» **EXERCISE**
Begin at the line below that has "Narzędzie przeznaczone jest". Stop after the line that has "JUNZAN Spring Flowers", repeating each line exactly and leaving out the pictures.

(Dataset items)
╔══

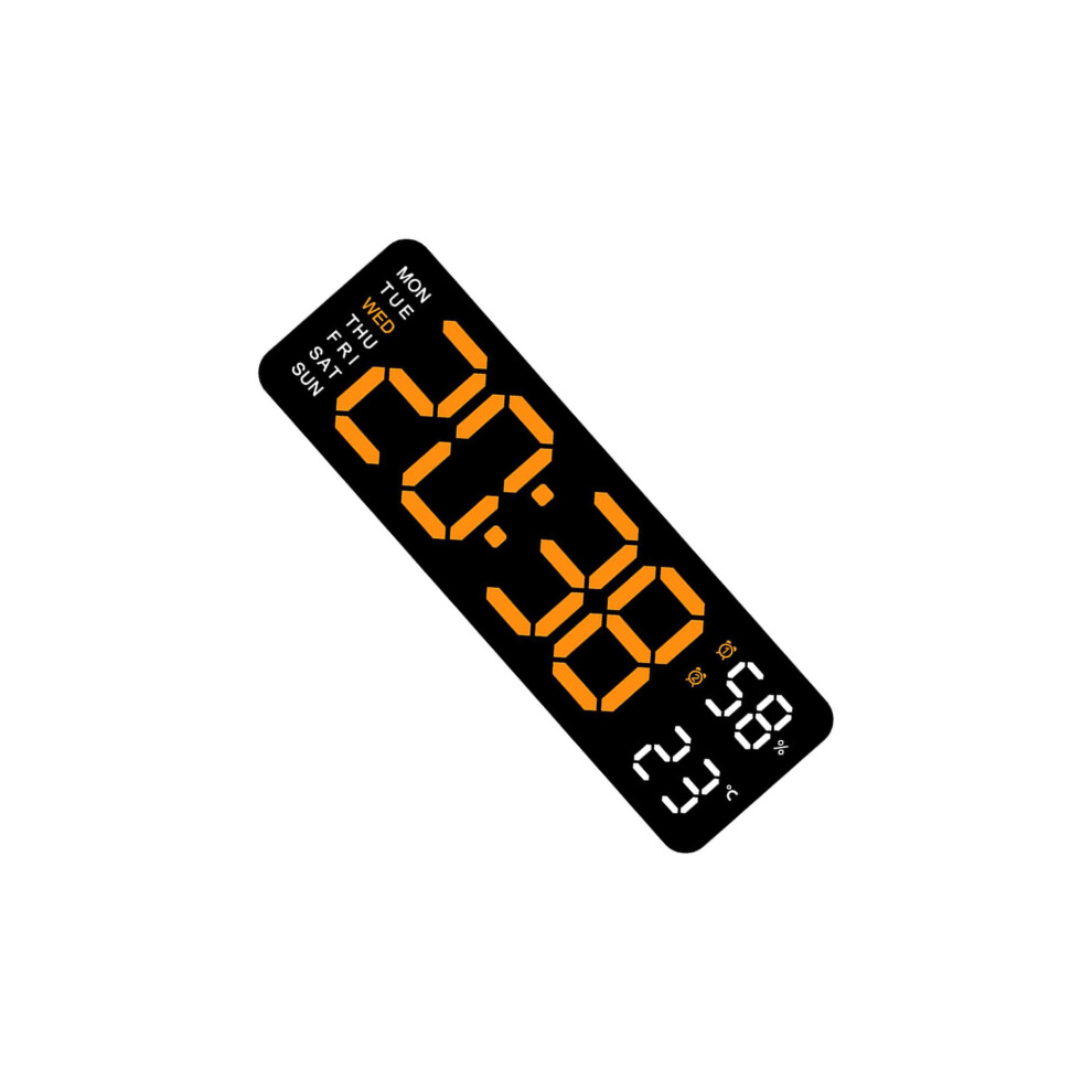 (orange light black, 22.8x3.5x7.5cm) Digital Wall Clock Adjustable Brightness Humidity Week Display Table
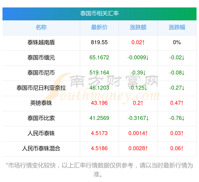 南方財(cái)富網(wǎng)為您提供泰國幣對巴西雷亞爾匯率最新價(jià)格詳情。
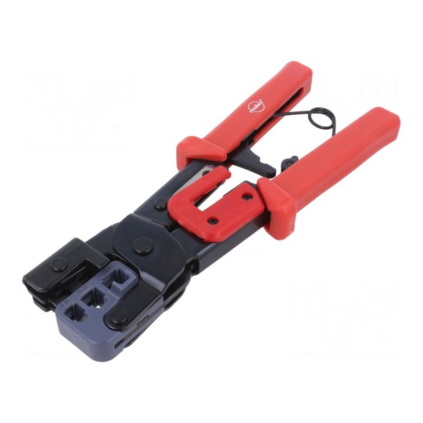 Narzędzie przeznaczone jest do zaciskania złączy modularnych typu RJ11 (6p), RJ22 (4p2c) oraz złączy RJ45. Jest przystosowane do pracy ze złączami nieekranowanymi.
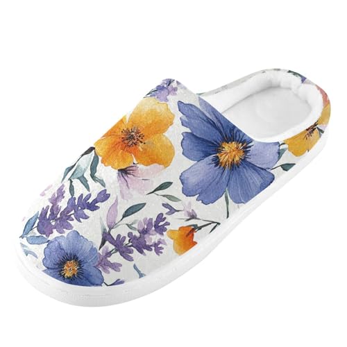 JUNZAN Spring Flowers Lavender Carnation Iris White Womens Cotton House Slippers Lightweight Memory Foam Indoor Shoes for Hospital Funny Presents 6-7 5
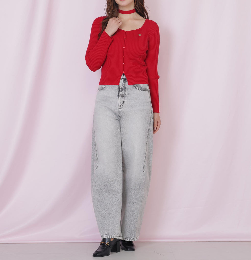 Last year's popular design has been updated for this year! A ribbed knit with a choker featuring a heart-shaped logo plate. This year, the neckline has been subtly changed to a square neck, and a bicolor black has been added. The knit choker serves as an accent. It pairs well with both feminine and casual styles, making it a versatile ribbed knit that goes well with any bottoms. *Due to lighting conditions during photography, the color may appear different. Additionally, depending on the environment of your computer or smartphone, the color of the product may slightly differ from the image. Please be aware of this in advance.*

╚══

» **TASK ANSWER**
 Narzędzie przeznaczone jest do zaciskania złączy modularnych typu RJ11 (6p), RJ22 (4p2c) oraz złączy RJ45. Jest przystosowane do pracy ze złączami nieekranowanymi.
 JUNZAN Spring Flowers Lavender Carnation Iris White Womens Cotton House Slippers Lightweight Memory Foam Indoor Shoes for Hospital Funny Presents 6-7 5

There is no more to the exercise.